Alien Vs. Predator: Requiem
This past weekend, I watched Aliens Vs. Predator: Requiem.
It's one of the most misogynistic movies I’ve ever seen this side of American Psycho.
Giger’s Alien is a pretty horrid creature with its perverse use of the human body as an incubator after an oral sexual assault from the infamous face hugger, the beast that dehumanizes everything around it.
AVP:R was more violent and disturbing than I remember from what I caught in the theater, since this time, I watched the director's cut.
Now they just hate all violence in movies.
I can't blame them.
The first time I tried to see this movie, he cried out with his signature, “Aw, heelll-naw!” as one of the creatures prepared to assault a pregnant woman, and we left before the true nastiness could begin.
We left and went to get ice cream instead.
Driven by a compulsion for closure, akin to that of a high schooler, I decided to see this movie again.
There’s a creature in this film that forces a tube down the throat of a pregnant woman, and her throat throbs luridly as it forces its spawn into her lower torso, where she already has a baby, because it only attacks pregnant women.
When taken out of context, the scene is nasty.
When taken in context, it’s the icing on a cake of sci-fi depravity the likes of which we haven’t seen since Event Horizon.
On top of that, characters that should have lived, because they didn’t have sex at any point, die anyway.
It’s a rule in horror movies that if you don’t have sex or do drugs, you don’t die, making nearly all of them an allegory for wildly excessive retribution visited upon youth by outside forces that politicians wanted visited on every one of youth.
If the horror is from space, everyone is apparently fair game, especially the young and/or the pregnant.
In addition to this nastiness, I hate the idea that the Aliens apparently have made it to Earth* on several occasions, making Helen Ripley’s eventually fatal quest to keep them off-planet sadly moot, perhaps even more than her being cloned in Alien: Resurrection.
A member of the Predators lands on earth, and they are a gangly sort of cross between a CIA agent, a Green Beret, and a park ranger.
The concept of Earth as a sort of intergalactic wildlife preserve is rather funny, but when the only humor of a movie is more from the things you have to think of after the fact, something is lacking.
A good amount of action is spent in a massive sewer system that seems completely out of place in the small southwestern town of
There are a ton of little continuity issues throughout the film, details that would ordinarily grab my attention are wrong, and details that I wouldn’t care about in any case are over-emphasized.
One of the details I caught was one character coming from the U.S. ArmyMarines, judging from the half-and-half uniform she wears upon her arrival home from Inconsequencistan.
On the other extreme, too much time is devoted to another character’s really vague back story and his entire “dark past” turns out to be wholly irrelevant in the grand scheme of an alien invasion, as most petty crime wouldn’t make you capable of handling sub-machine guns, let alone an extra-terrestrial shotgun intended for creatures a foot taller than you.
Topping off all this nastiness is the inevitable, “Man is the real monster,” ending in which a shady government organization nukes the entire town of Gunnison to prevent the spread of the deadly phallus-headed Aliens, killing the remainder of the town's initial 5,409 people, minus the survivors who escape on a hospital helicopter, which of course the surviving veteran ArmyMarine knows how to fly as well.

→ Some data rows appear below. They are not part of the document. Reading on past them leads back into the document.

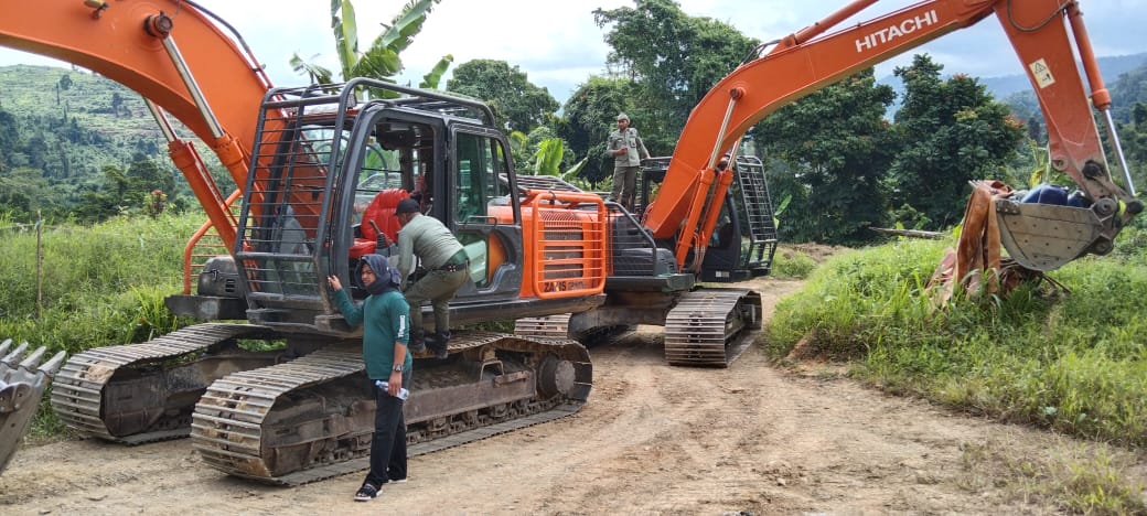Adapun alat bukti yang berhasil disita tim gabungan adalah di 2 unit alat berat Excavator merk Hitachi, 25 jerigen solar, alat talang dan 4 Unit alkon genset 7 pk.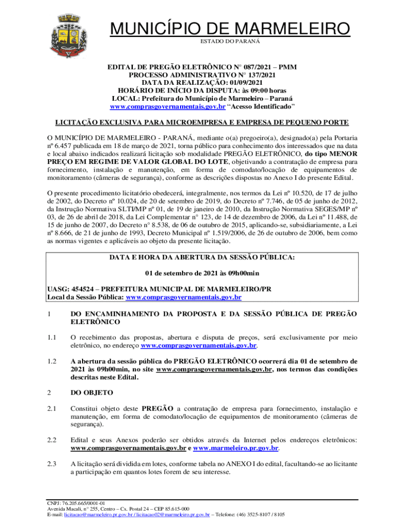 Quais informações devem ser informadas em prefeitura de marmeleiro?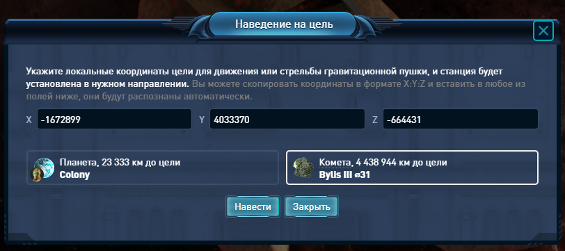 Гравипушка > Направление > Наведение на цель > выбрать комету Bylis III

The argument could be made here that somewhere in her backstory, she learned to fly a chopper as a civilian, but that’s giving the production far more credit than they gave me as an audience member.
That’s not what got to me, though.
What got to me was the surviving woman, who was supposed to also be a member of the military, regardless of branch, should have kicked that guy’s ass until candy came out and asked him if it would be acceptable if she nuked his hometown in the process of “following orders.”

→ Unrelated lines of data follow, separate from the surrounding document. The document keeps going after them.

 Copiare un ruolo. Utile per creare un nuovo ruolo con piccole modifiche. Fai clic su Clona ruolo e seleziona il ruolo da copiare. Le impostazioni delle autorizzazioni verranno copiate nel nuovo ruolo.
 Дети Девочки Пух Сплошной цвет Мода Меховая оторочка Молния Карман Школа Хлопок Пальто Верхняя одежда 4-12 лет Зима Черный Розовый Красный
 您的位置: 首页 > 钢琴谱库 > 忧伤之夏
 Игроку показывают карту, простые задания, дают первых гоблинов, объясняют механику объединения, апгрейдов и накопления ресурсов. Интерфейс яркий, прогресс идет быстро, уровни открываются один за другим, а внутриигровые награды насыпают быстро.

Instead, she shrugs it off and looks wistfully at the sky, where we see her slight resemblance to Sigourney Weaver.
Aggressively terrible as that ending was, it doesn’t compare to the film's actual tacked-on ending, in which a man in a suit, responsible for war crimes at this point after tactical-nuking more people than were killed in 9/11, delivers the Predator’s shotgun weapon to Ms. Yutani.
Dun-Dun-Dun!
This last scene was a desperate grasp for continuity with the series, as Yutani is the other half of the soon-to-be Weyland-Yutani Corp. We met Weyland’s CEO in the first AVP, and, as in this film, we didn’t much care then either.
On a final note, a film snob moment: The finest scenes in any film involving the Predator are the scenes where the Predator is alone on screen and doing its thing, telling a story entirely with physical acting.
Having an actor tell a story through motion alone, rubber suit or not, is always cool. I found it fascinating in the first Predator and still interesting in the second. AVP sorely lacked that little touch, and AVP:R at least had the good sense to bring it back; however, that’s really all the sense it had.
*Seriously, way too many people want to take Ripley's sacrifice away.

Comments
Does that really work? What kind of candy?